■ What you have to do:
Copy each line below that includes "Hospital".

*** Working data

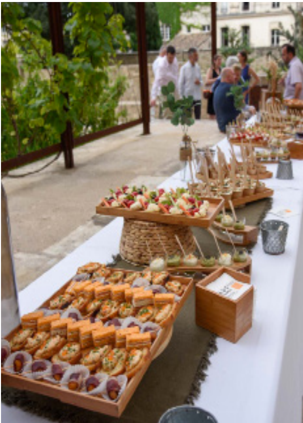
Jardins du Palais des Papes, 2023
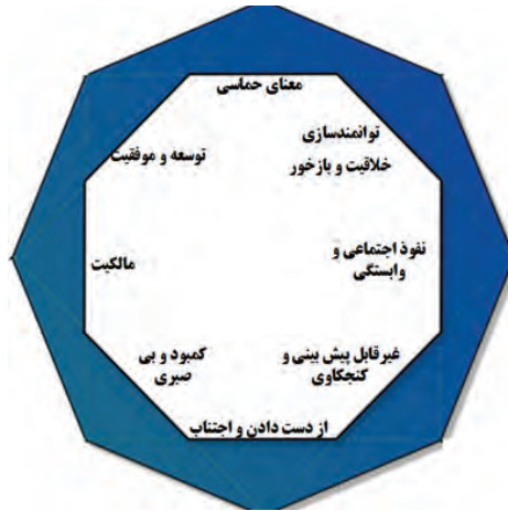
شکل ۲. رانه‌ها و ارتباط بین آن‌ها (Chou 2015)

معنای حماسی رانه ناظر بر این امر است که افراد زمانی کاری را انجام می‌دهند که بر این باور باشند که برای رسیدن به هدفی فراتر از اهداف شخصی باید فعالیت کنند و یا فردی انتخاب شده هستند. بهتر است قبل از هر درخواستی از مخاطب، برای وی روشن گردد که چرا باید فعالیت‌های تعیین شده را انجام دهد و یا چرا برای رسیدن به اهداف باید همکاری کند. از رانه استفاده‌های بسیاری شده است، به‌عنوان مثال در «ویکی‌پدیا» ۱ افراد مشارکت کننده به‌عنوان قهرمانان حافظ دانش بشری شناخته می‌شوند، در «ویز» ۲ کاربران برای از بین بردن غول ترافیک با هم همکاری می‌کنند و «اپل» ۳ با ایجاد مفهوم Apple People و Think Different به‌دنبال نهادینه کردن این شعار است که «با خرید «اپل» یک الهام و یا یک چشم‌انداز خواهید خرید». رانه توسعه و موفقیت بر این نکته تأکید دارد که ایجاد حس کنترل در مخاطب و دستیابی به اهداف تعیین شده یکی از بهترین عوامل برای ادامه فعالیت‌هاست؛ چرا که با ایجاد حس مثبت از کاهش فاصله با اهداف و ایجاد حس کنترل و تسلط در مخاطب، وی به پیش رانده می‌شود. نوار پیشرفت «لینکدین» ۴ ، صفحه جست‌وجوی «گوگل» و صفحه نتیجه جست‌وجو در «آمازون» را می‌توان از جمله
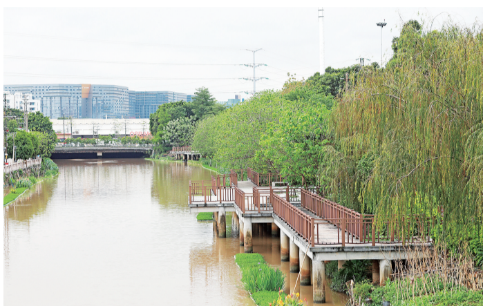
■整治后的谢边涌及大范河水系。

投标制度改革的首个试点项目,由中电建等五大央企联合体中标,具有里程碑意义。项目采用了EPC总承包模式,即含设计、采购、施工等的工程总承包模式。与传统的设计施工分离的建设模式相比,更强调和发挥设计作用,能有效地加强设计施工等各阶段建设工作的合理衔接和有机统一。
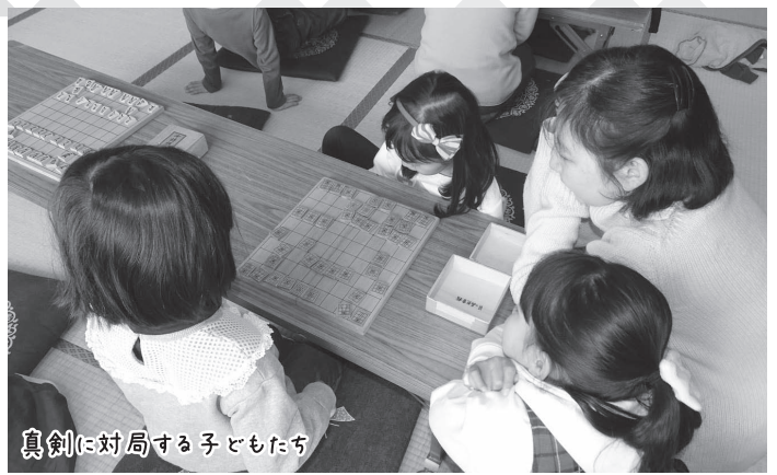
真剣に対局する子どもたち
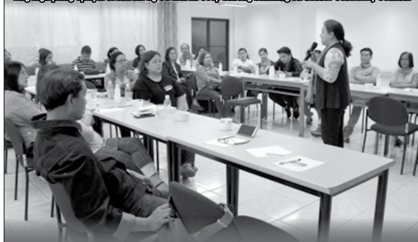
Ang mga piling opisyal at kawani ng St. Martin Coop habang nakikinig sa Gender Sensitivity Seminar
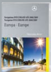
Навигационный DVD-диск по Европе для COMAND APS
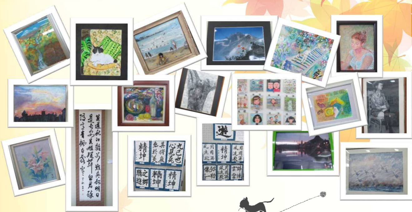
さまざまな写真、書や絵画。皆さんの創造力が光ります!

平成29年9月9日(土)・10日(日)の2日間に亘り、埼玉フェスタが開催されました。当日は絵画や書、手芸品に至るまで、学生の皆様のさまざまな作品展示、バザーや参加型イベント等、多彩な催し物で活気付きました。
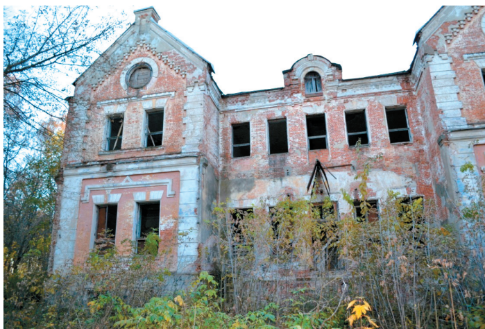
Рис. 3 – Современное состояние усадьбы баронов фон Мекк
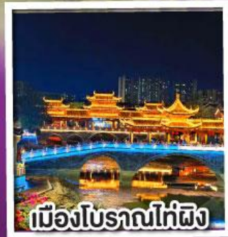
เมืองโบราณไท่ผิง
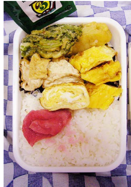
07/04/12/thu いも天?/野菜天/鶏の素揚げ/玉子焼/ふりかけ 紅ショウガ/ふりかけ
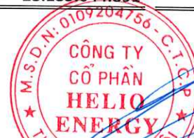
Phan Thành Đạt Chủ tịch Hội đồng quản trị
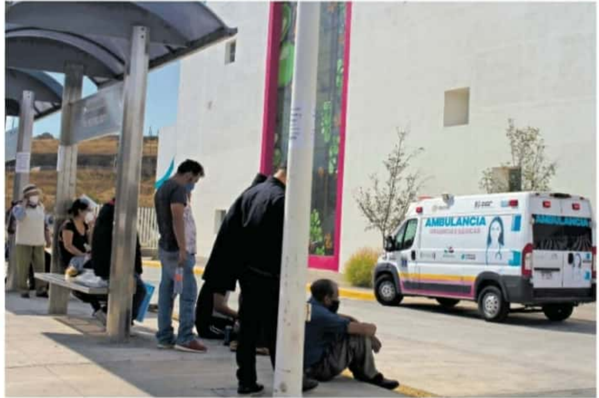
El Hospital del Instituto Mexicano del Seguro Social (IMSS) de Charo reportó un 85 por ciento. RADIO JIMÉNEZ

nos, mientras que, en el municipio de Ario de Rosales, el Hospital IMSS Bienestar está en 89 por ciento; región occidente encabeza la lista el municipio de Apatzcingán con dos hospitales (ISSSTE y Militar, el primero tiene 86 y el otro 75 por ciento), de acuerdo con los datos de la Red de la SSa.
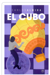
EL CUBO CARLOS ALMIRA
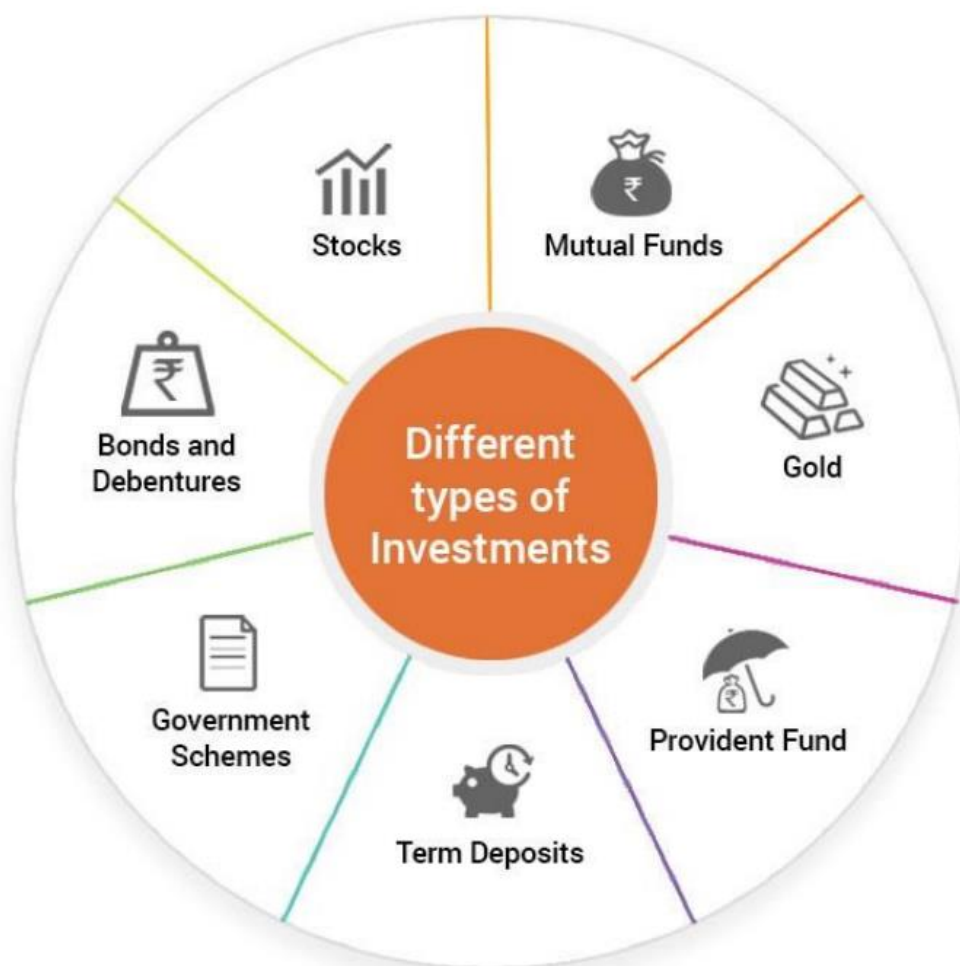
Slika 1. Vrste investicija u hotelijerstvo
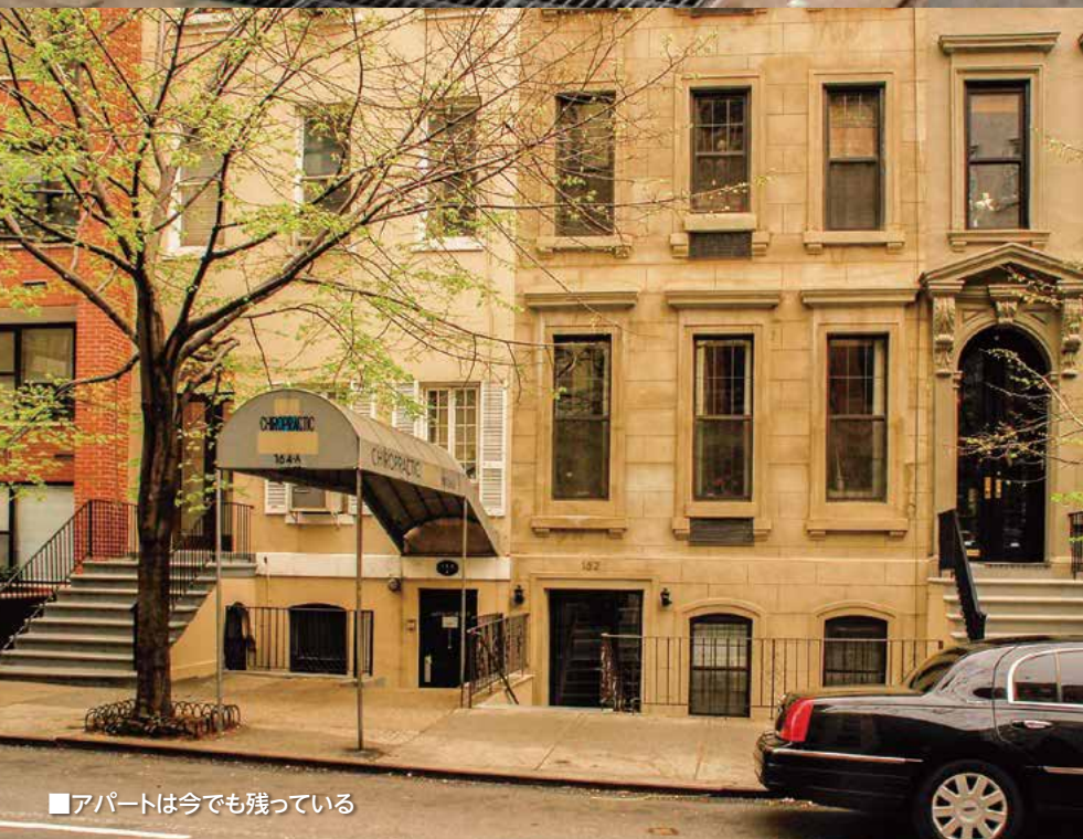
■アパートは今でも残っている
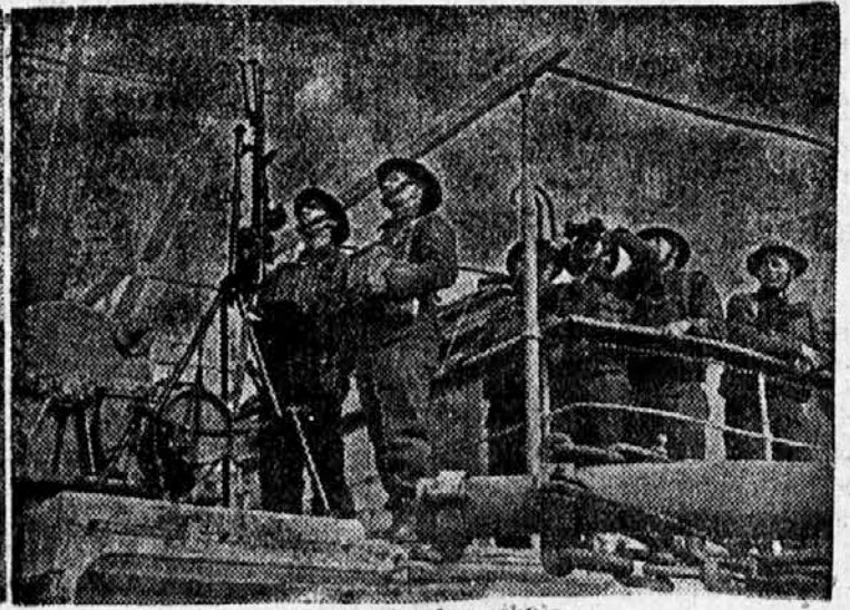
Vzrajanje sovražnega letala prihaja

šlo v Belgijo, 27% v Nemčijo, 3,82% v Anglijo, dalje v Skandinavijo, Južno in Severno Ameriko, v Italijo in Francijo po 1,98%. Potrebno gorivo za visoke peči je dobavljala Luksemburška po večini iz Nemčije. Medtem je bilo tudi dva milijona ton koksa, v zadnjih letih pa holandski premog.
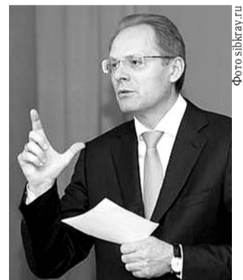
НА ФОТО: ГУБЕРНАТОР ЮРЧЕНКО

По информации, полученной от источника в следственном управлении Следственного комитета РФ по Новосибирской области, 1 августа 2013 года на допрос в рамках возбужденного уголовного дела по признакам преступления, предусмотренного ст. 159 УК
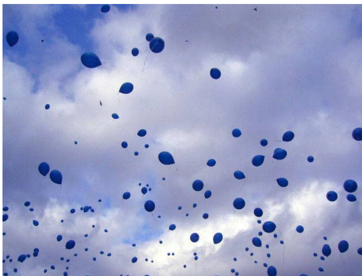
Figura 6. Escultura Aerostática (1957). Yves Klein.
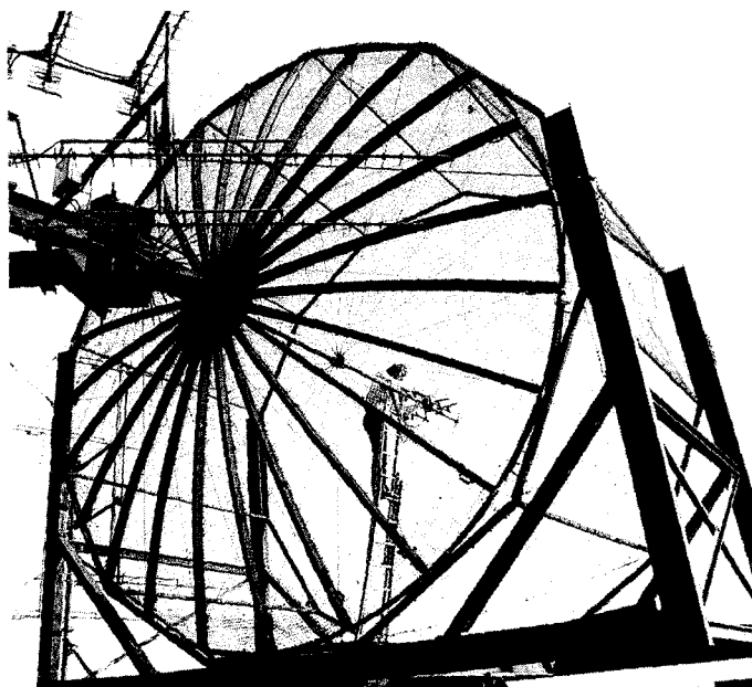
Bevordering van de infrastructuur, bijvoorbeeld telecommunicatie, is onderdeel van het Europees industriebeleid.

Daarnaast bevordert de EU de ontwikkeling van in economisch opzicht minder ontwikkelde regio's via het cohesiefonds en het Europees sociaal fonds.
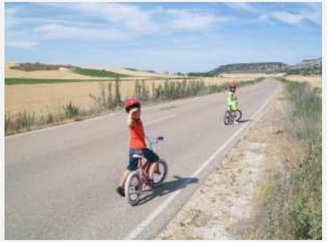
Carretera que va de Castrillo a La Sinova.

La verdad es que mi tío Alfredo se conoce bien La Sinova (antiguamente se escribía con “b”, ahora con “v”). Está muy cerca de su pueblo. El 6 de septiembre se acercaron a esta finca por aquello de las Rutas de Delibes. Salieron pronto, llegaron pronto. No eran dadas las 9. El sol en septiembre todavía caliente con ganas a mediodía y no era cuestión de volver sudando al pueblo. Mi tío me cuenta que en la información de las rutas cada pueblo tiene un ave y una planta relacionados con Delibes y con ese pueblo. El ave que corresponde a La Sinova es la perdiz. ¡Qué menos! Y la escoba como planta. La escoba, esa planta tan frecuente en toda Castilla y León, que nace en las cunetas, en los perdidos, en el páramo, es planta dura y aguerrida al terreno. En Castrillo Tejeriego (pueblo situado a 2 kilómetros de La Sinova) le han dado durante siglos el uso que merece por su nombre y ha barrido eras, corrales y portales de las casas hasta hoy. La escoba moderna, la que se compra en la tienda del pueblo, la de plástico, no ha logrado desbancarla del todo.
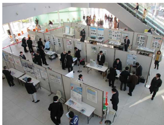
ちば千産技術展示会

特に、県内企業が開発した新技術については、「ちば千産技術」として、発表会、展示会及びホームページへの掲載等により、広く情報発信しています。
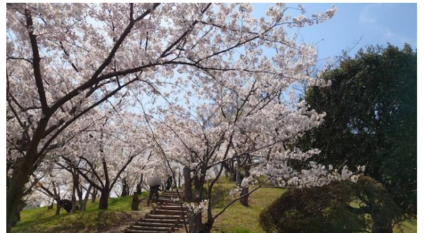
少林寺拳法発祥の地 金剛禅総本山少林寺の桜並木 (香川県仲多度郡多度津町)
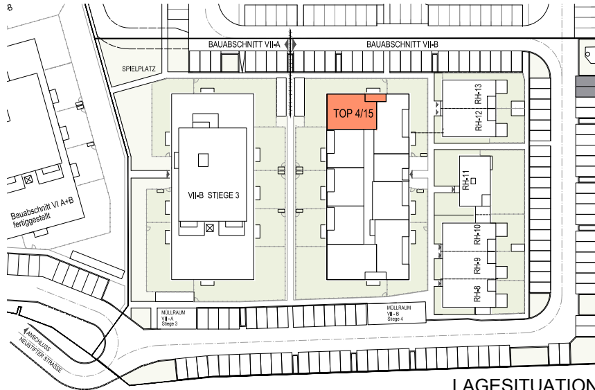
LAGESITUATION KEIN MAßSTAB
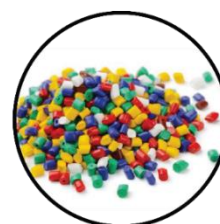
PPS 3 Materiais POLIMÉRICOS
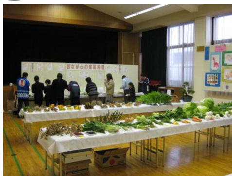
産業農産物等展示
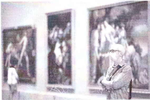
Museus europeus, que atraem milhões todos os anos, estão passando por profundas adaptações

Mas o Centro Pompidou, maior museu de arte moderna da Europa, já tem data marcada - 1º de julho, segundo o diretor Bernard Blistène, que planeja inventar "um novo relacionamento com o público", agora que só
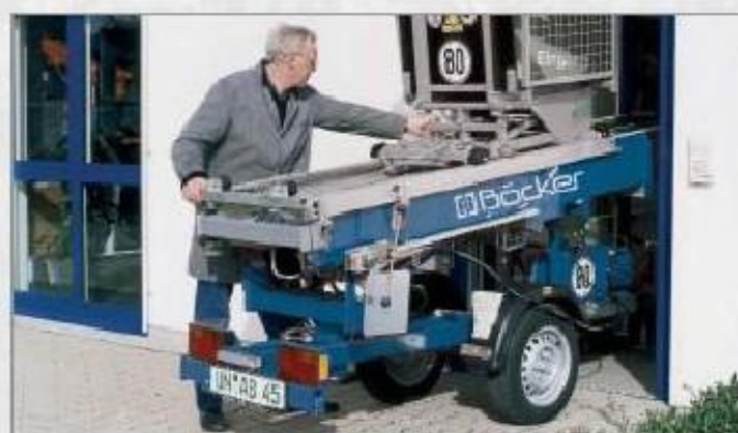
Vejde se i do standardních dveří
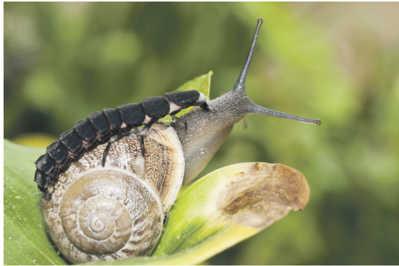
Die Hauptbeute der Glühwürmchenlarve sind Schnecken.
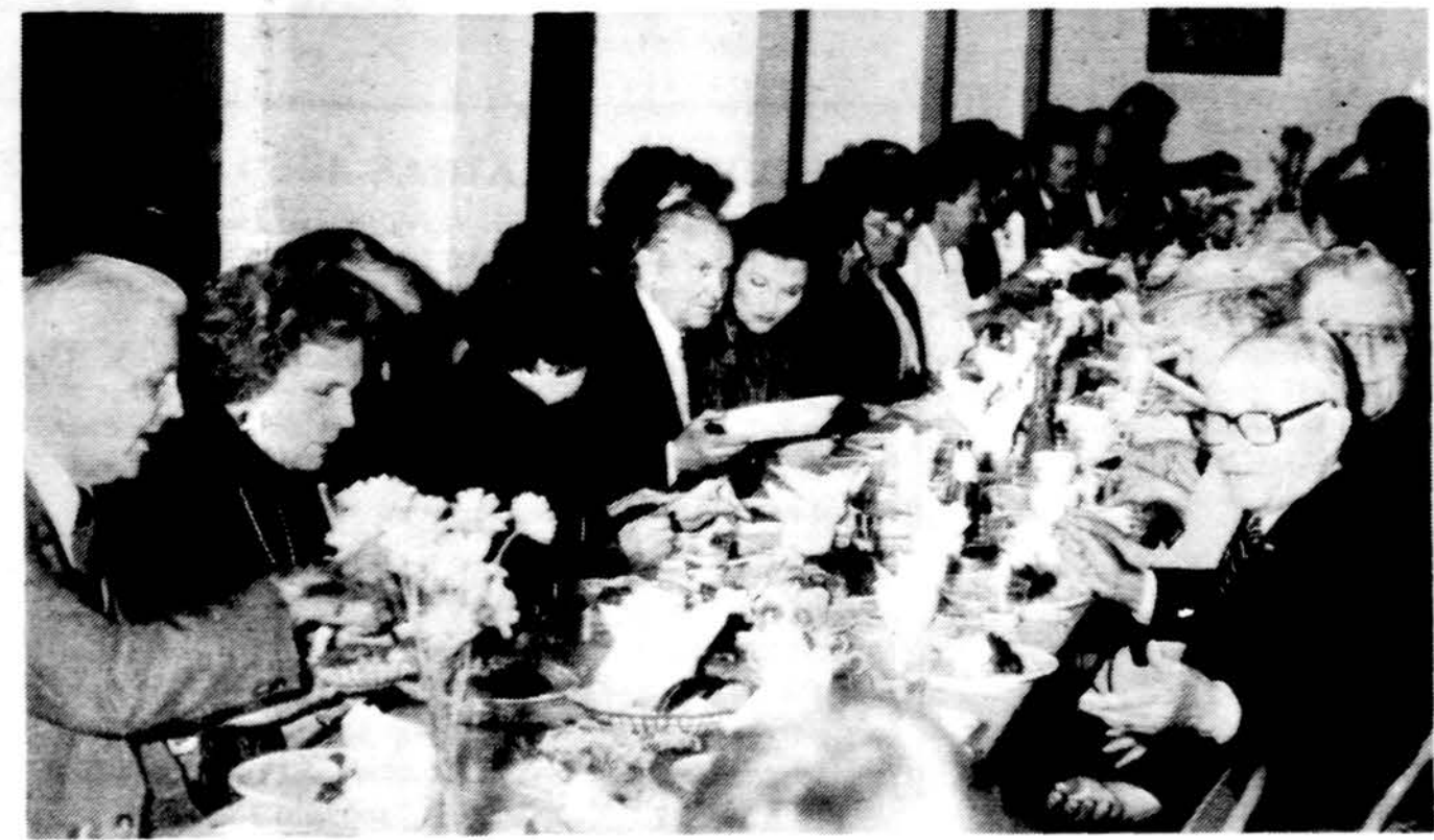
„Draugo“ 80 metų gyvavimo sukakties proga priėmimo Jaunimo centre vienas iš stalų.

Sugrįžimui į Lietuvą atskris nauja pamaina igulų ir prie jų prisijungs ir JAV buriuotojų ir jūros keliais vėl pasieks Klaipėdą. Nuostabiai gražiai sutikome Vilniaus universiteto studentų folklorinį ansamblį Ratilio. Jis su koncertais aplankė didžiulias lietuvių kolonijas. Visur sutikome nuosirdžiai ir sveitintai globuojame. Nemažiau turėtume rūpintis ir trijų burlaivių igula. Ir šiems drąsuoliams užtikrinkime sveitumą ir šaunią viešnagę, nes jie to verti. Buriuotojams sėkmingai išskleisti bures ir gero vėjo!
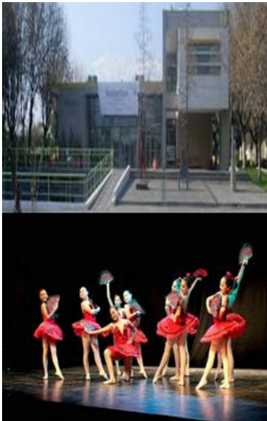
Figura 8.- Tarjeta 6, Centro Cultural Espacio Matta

******

■ Exercise result:
El Hospital del Instituto Mexicano del Seguro Social (IMSS) de Charo reportó un 85 por ciento. RADIO JIMÉNEZ
nos, mientras que, en el municipio de Ario de Rosales, el Hospital IMSS Bienestar está en 89 por ciento; región occidente encabeza la lista el municipio de Apatzcingán con dos hospitales (ISSSTE y Militar, el primero tiene 86 y el otro 75 por ciento), de acuerdo con los datos de la Red de la SSa.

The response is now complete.